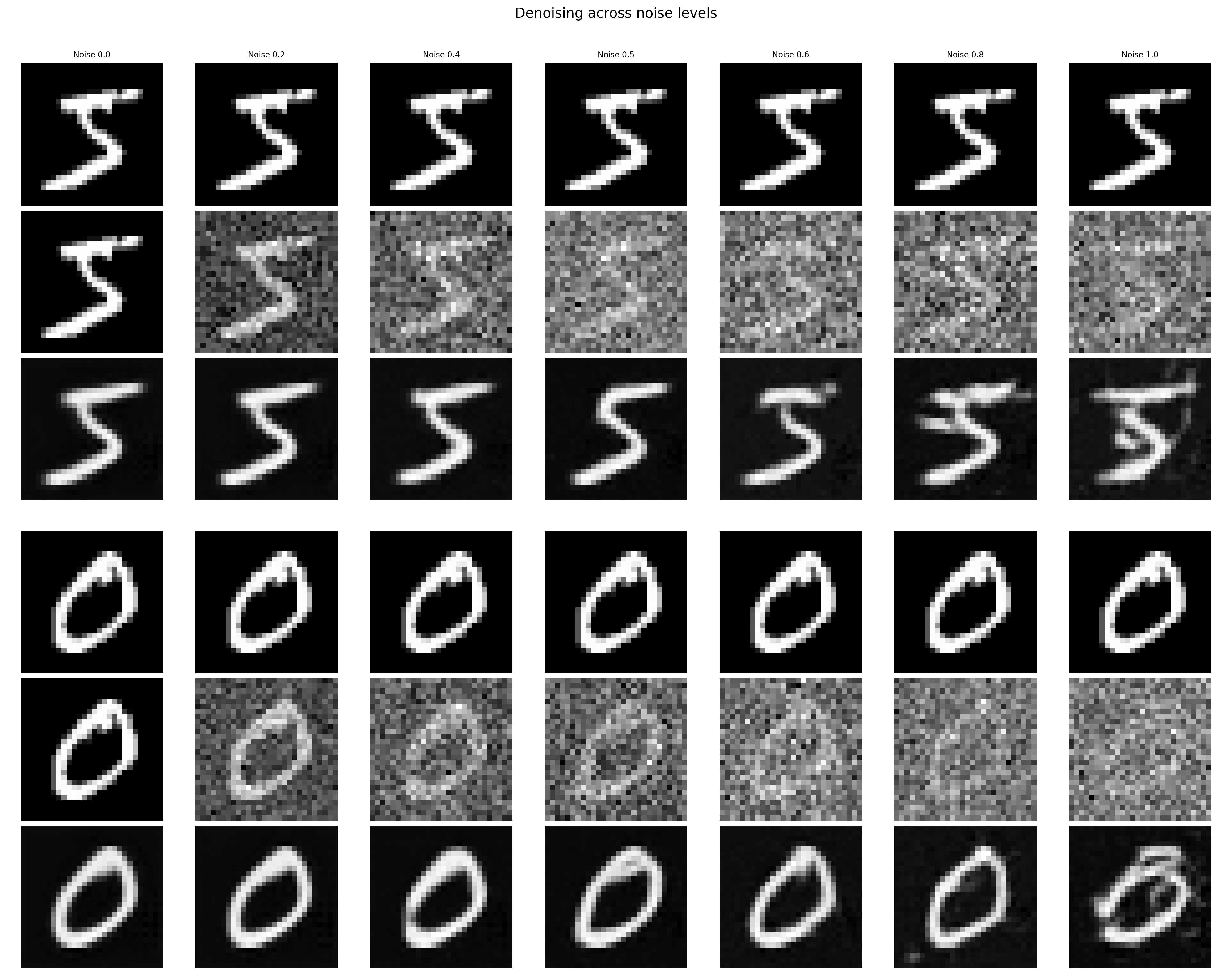 This section tests the trained UNet's performance on out-of-distribution data, ie. images with different noise levels. With a larger noise level, the denoising performance seems to drop, which makes sense since the model is not trained on such levels.
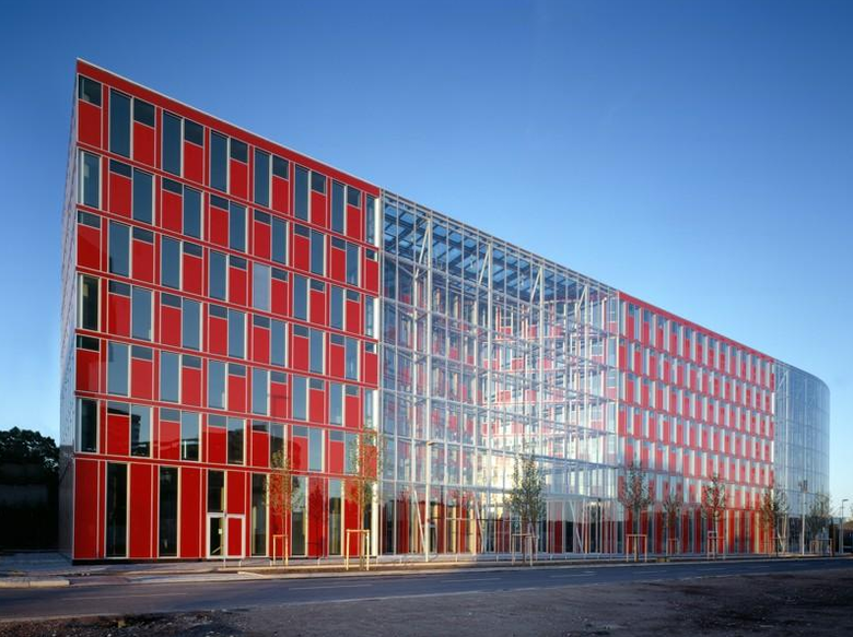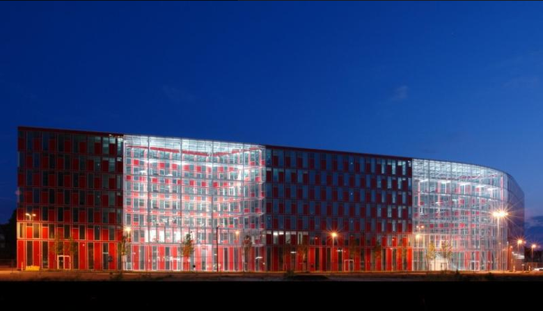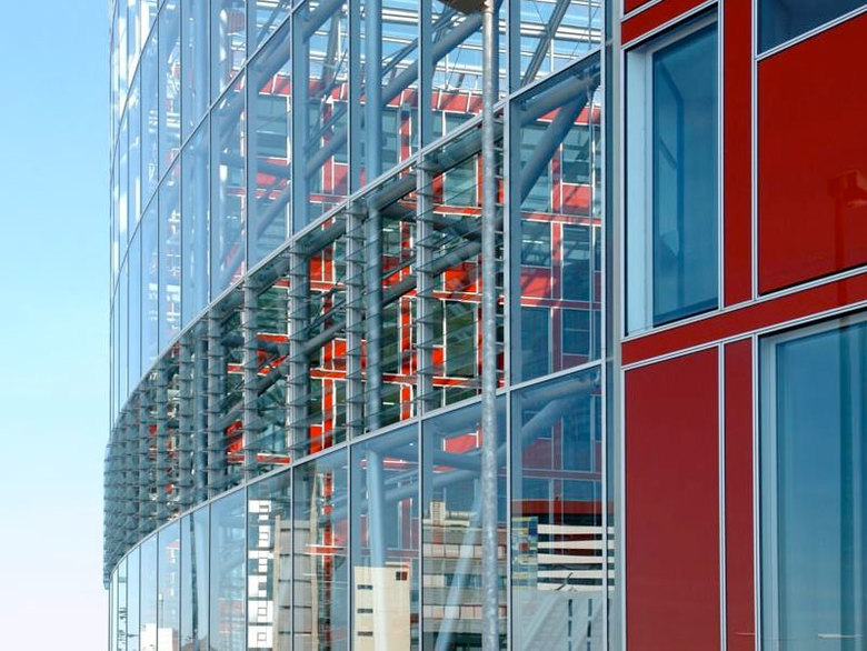 Das Capricornhaus bildet das neue Entrée am südlichen Ende des Düsseldorfer Hafens, einer ehemaligen Industriebrache. Die großen Glashallen bilden in Verbindung mit einer zweiten Schallmembran den Rahmen für eine individuelle Bürowelt, die auch den Anforderungen an ein Low-Energy-Gebäude entspricht. Die Besonderheit des prägnanten Neubaus mit seinen roten Glaspaneelen liegt vor allem in der von GATERMANN + SCHOSSIG konzipierten i-modulFassade. Die schallemissionsbelastete Lage des Gebäudes führte zur Entwicklung des multifunktionalen Fassadenmodules, das die gesamte notwendige Technik beinhaltet um das Raumklima individuell zu steuern. Es ist ausgestattet mit einem eigenen Lüftungssystem zum Kühlen, Heizen, Lüften und zur Wärmerückgewinnung. Außerdem sind in dem Fassadenpaneel Beleuchtungs-, Schallabsorptions- und Raumakkustikelemente integriert. Der Wegfall traditioneller Technikflächen durch das dezentrale Konzept bringt große Freiheitsgrade bei der inneren Gebäudeplanung mit sich. Die flexible Grundrissgestaltung ermöglicht die Realisierung aller Büroformen. Zukünftige Anforderungen an das Gebäude werden geprägt durch weitere ökologisch-energetische Randbedingungen wie: Kompakte Bauweise mit zukunftsweisenden Bauteilen, beispielhafte Wärmedämmung, innovative Lüftungsanlagen mit Wärmerückgewinnung, Betonkernaktivierung in Verbindung mit Kältegewinnung aus Grundwasser (Geothermienutzung) sowie ein natürliche Belüftungskonzepte sowie moderner MSR Technik für geringe Betriebskosten. Damit ist das CapricornHaus ein innovatives Gebäude, das Einsparungen im Primärenergiebedarf von 26% unter der erforderlichen Energieeinsparverordnung erzielt.
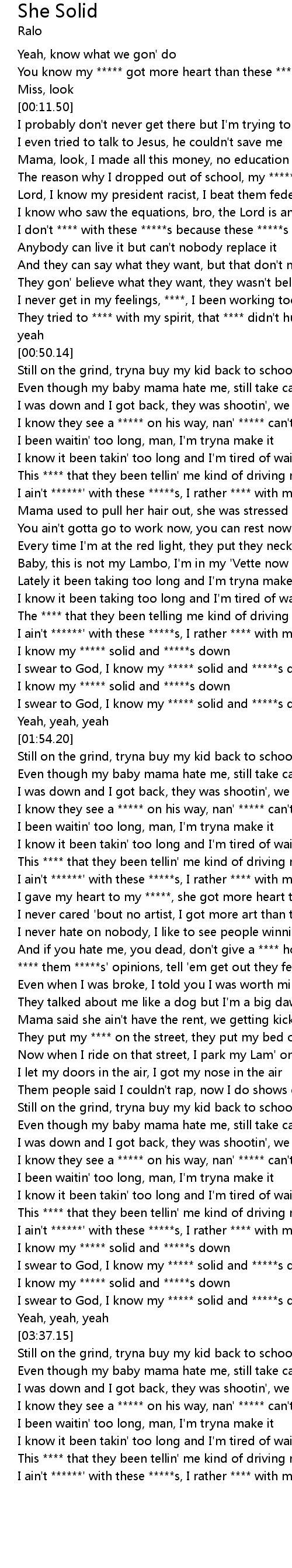 | [01:50.65] | I swear to God, I know my ***** solid and *****s down |
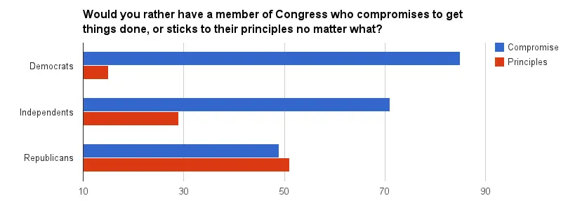 The question in a poll conducted by YouGov for The Economist, asked Americans whether they want a member of Congress who "compromises to get things done" or one who "sticks to their principles no matter what." Democrats and independents, by wide margins, chose compromise. But a slim majority of Republicans preferred standing on principle."
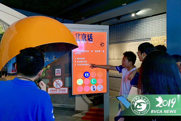 北京方志馆通过照片图片、实物摆件、文献材料及视频资料等方式展现了北京的发展历程及取得的成就,从自然、城市、建置、人口、经济、文化和方志编修七个方面了解北京,使学生们能更好的了解北京,热爱北京。学生们在讲解员的带领下参观了北京地情展和北京胡同展,展馆内有31个多媒体互动点位,北京地情沙盘模型、骑自行车游实景胡同、能够测试老北京话的电话亭,还有一座装扮成为北京四合院的点播厅等互动设施使得同学们纷纷体验,流连忘返。
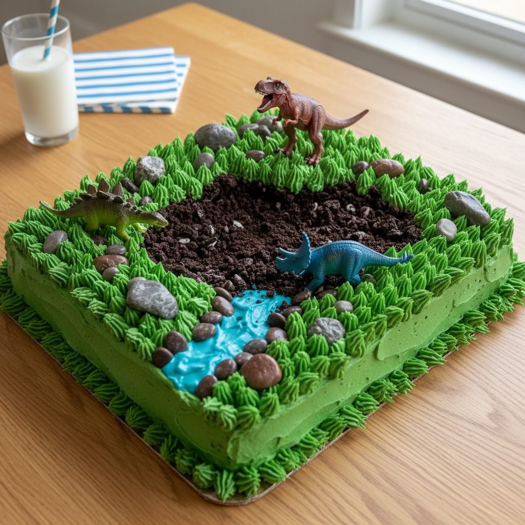 There is something undeniably magical about a childhood birthday party, and the centerpiece of that magic is almost always the cake. For parents, however, the pressure to produce a confectionery masterpiece that rivals the glossy images on social media can be overwhelming. Enter the Dinosaur Excavation Cake—a brilliant solution that combines the ease of a standard 9×13 sheet cake with the high-impact visual appeal of a professional bakery creation. This isn’t just a cake; it is an edible landscape, a prehistoric terrain of chocolate crumble ‘dirt,’ lush buttercream ‘grass,’ and candy ‘boulders’ that invites children to explore before they devour. The base is a deeply rich, fiercely moist chocolate cake that relies on the classic combination of hot coffee and buttermilk to achieve a texture that is both sturdy enough to hold decorations and tender enough to melt in your mouth. Unlike complex tiered cakes or precarious cut-up shapes that risk falling apart, this sheet pan method offers a stress-free canvas. You don’t need to be a sculptor to make this work; you just need to be willing to play with your food. The beauty of this recipe lies in its forgiveness—crumbled cake and messy frosting only add to the rugged, adventurous aesthetic of a dinosaur dig site. Whether you are celebrating a budding paleontologist or just a kid who loves T-Rex, this cake delivers on flavor, fun, and nostalgia in equal measure.
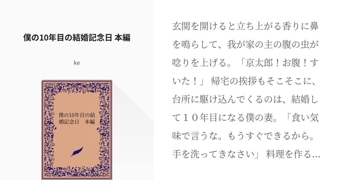 1 僕の10年目の結婚記念日 本編僕の10年目の結婚記念日 - keの小説シリーズ - pixiv。
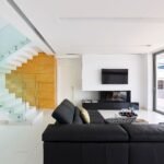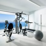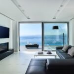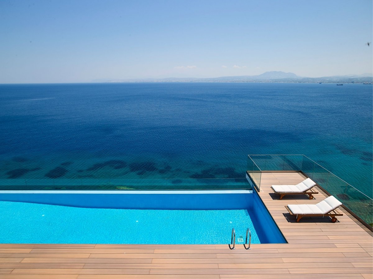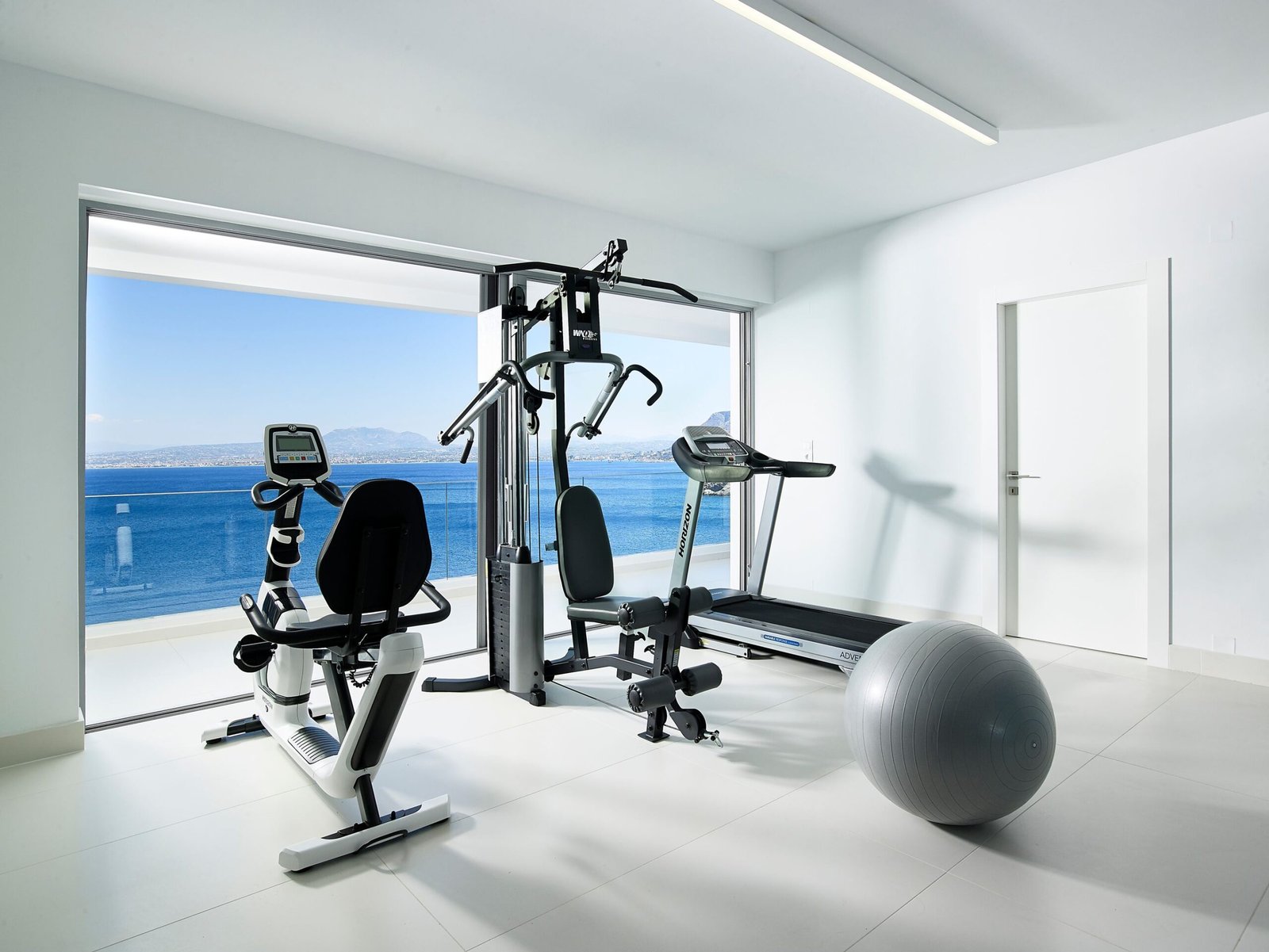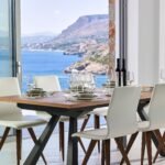 The middle floor is a ground level. When opening an entrance door, you will find a set of stairs that leads to the upper floor, where main bedroom area is located. Each bedroom has its own private entrance connected to the air conditioned gym area set up with a floor to ceiling windows. Here, while exercising, you can gaze at an endless blue of a Cretan Sea or admire a beautiful sunsets or moonrises above the blue horizon.
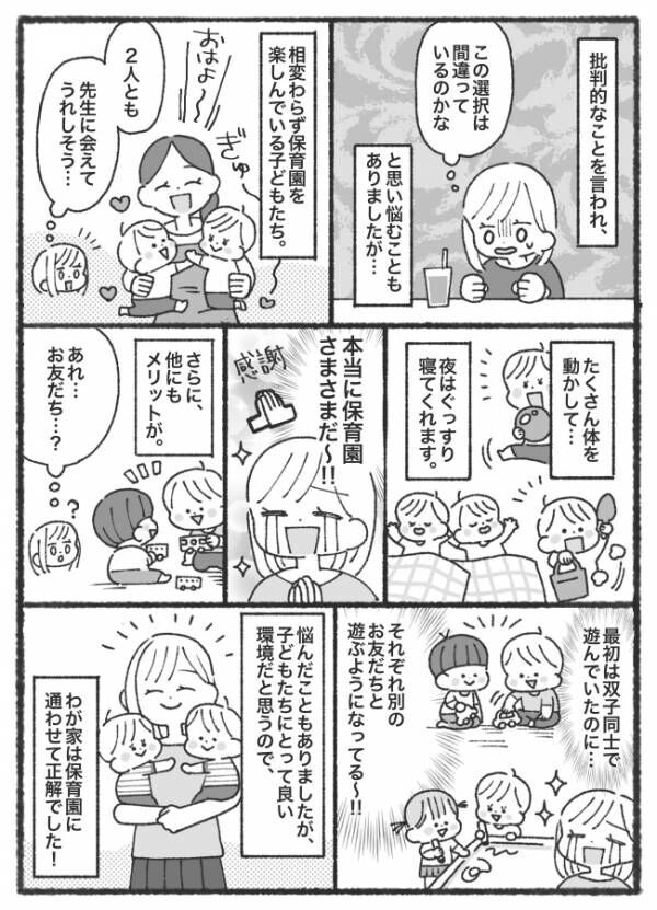 双子の子どもたちを家でひとり面倒を見ていたら、十分に体を動かすこともできなかったかもしれません。保育園に通うことにより、私は働くことができて家計も助かり、子どもたちはより良い環境で日々を過ごすことができそうです。私の家の場合は子どもたちを保育園に通わせてよかったと思っています。
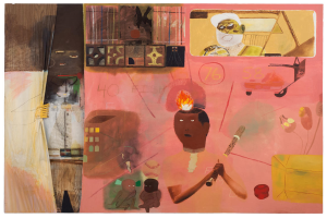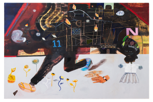 I Can Love You Better takes its name, in part, from a 1997 Mary J. Blige record, and like its namesake, is intended as an intimate offering or a private plea. The work does feel private, perhaps even lonely. It is representative of Rivero finding an intimate space for himself in all this sociality and layered identifications: simultaneously being and becoming American, being a musician and a maker of images, drawing on Afro-diasporic religious practices, and making them a source of play in his practice. His paintings are visual allegories without the moralizing finish; characters and objects weave together to make a rye, slightly askance look at personal narrative.
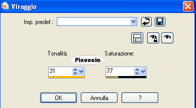 Regola>Tonalità e saturazione>Viraggio e trascrivi i valori annotati nelle rispettive caselle.
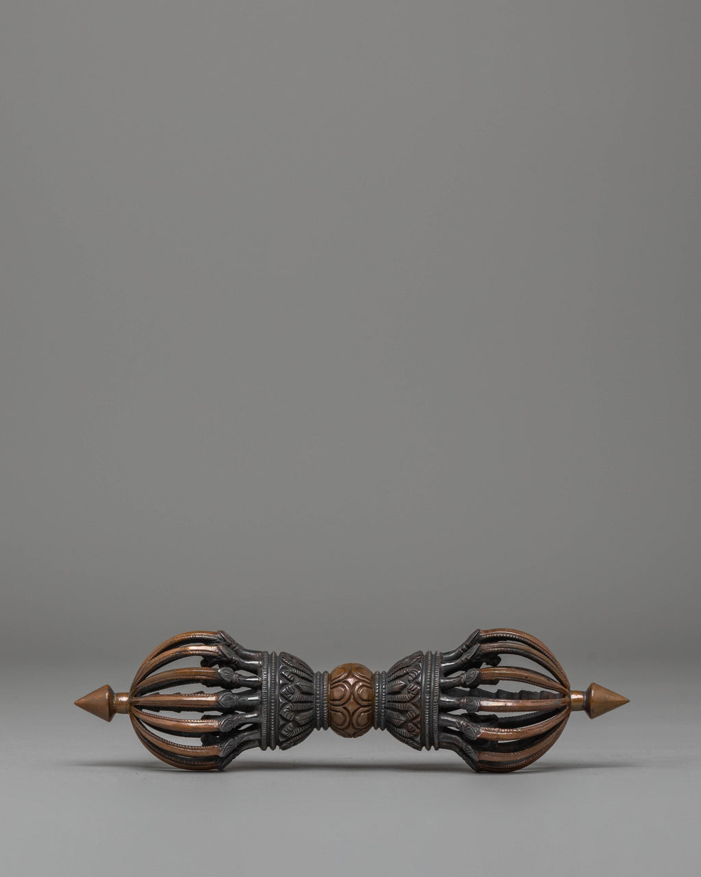 The vajra features the classic prong structure that symbolizes the fusion of compassion and enlightened wisdom. Each contour and sculpted detail pays homage to the sacred geometry of Vajrayana iconography, expressing the harmony between the physical and spiritual realms. The central sphere embodies the pure nature of the mind, while the outward prongs convey the transformative energy that supports meditative and ceremonial practices.
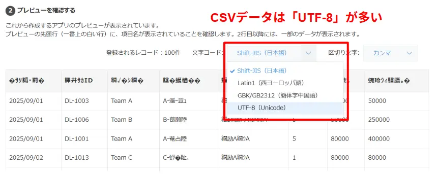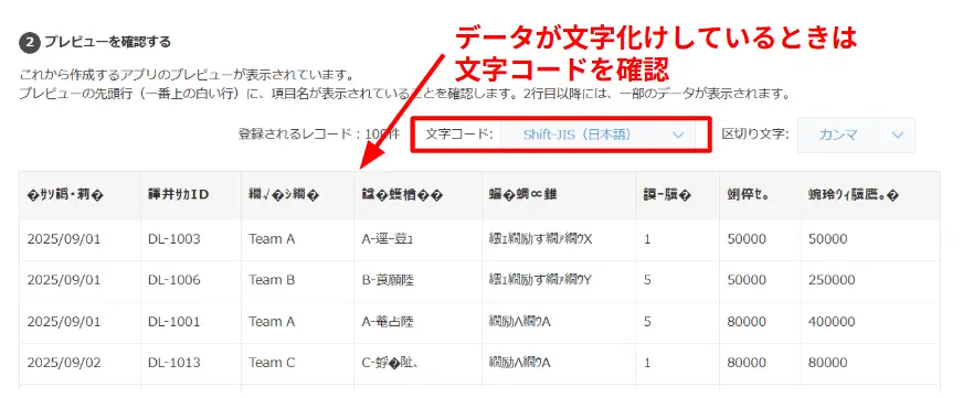 また、ファイルのアップロード後にデータが文字化けしていることがありますが、このときは「文字コード」を変更してみてください。
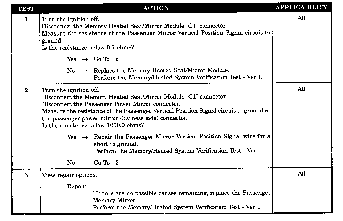- Passenger Mirror Vertical Position Signal Wire Short To Ground
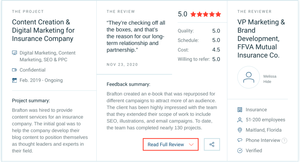 Customer ratings can include a simple 5-star rating, or reviewers can add written testimonials to provide more detail about their experience with the brand. In some cases, they can also include additional details about their own background, as shown in this 5-star review of Brafton’s services on Clutch:
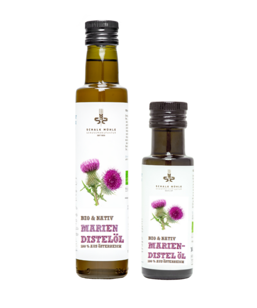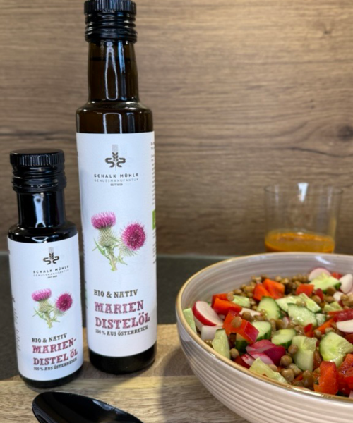 Reines Bio Distelöl in bester Qualität. Die geschälten Samen der Färberdistel werden direkt in unserem Familienbetrieb kaltgepresst. Das Klima in der Region lässt die Färberdistel bestens gedeihen und das kaltgepresste Distelöl hat eine besonders milde Note und verfeinert Salate, Schon- und Rohkost. Sehr gerne verwendet wird unser Bio Distelöl auch zur Hautpflege bzw. für Massagen ist es auch gut geeignet. Wir können es somit absolut empfehlen, in der Küche oder auch in Richtung Kosmetik. Der milde Geruch und der leichte Distelgeschmack machen dieses Öl universell einsetzbar. Du kannst es auch gerne mit anderen Ölen oder Essigen mischen. Entscheide selbst, was für dich am Besten ist.
------------------------------------------------
REQUIRED ACTION -
Only an exact copy of the lines from the one with "The vajra features" through the last line of the listing should be given; pictures must not be included.

WRITTEN ANSWER -
 The vajra features the classic prong structure that symbolizes the fusion of compassion and enlightened wisdom. Each contour and sculpted detail pays homage to the sacred geometry of Vajrayana iconography, expressing the harmony between the physical and spiritual realms. The central sphere embodies the pure nature of the mind, while the outward prongs convey the transformative energy that supports meditative and ceremonial practices.
 また、ファイルのアップロード後にデータが文字化けしていることがありますが、このときは「文字コード」を変更してみてください。
- Passenger Mirror Vertical Position Signal Wire Short To Ground
 Customer ratings can include a simple 5-star rating, or reviewers can add written testimonials to provide more detail about their experience with the brand. In some cases, they can also include additional details about their own background, as shown in this 5-star review of Brafton’s services on Clutch:
 Reines Bio Distelöl in bester Qualität. Die geschälten Samen der Färberdistel werden direkt in unserem Familienbetrieb kaltgepresst. Das Klima in der Region lässt die Färberdistel bestens gedeihen und das kaltgepresste Distelöl hat eine besonders milde Note und verfeinert Salate, Schon- und Rohkost. Sehr gerne verwendet wird unser Bio Distelöl auch zur Hautpflege bzw. für Massagen ist es auch gut geeignet. Wir können es somit absolut empfehlen, in der Küche oder auch in Richtung Kosmetik. Der milde Geruch und der leichte Distelgeschmack machen dieses Öl universell einsetzbar. Du kannst es auch gerne mit anderen Ölen oder Essigen mischen. Entscheide selbst, was für dich am Besten ist.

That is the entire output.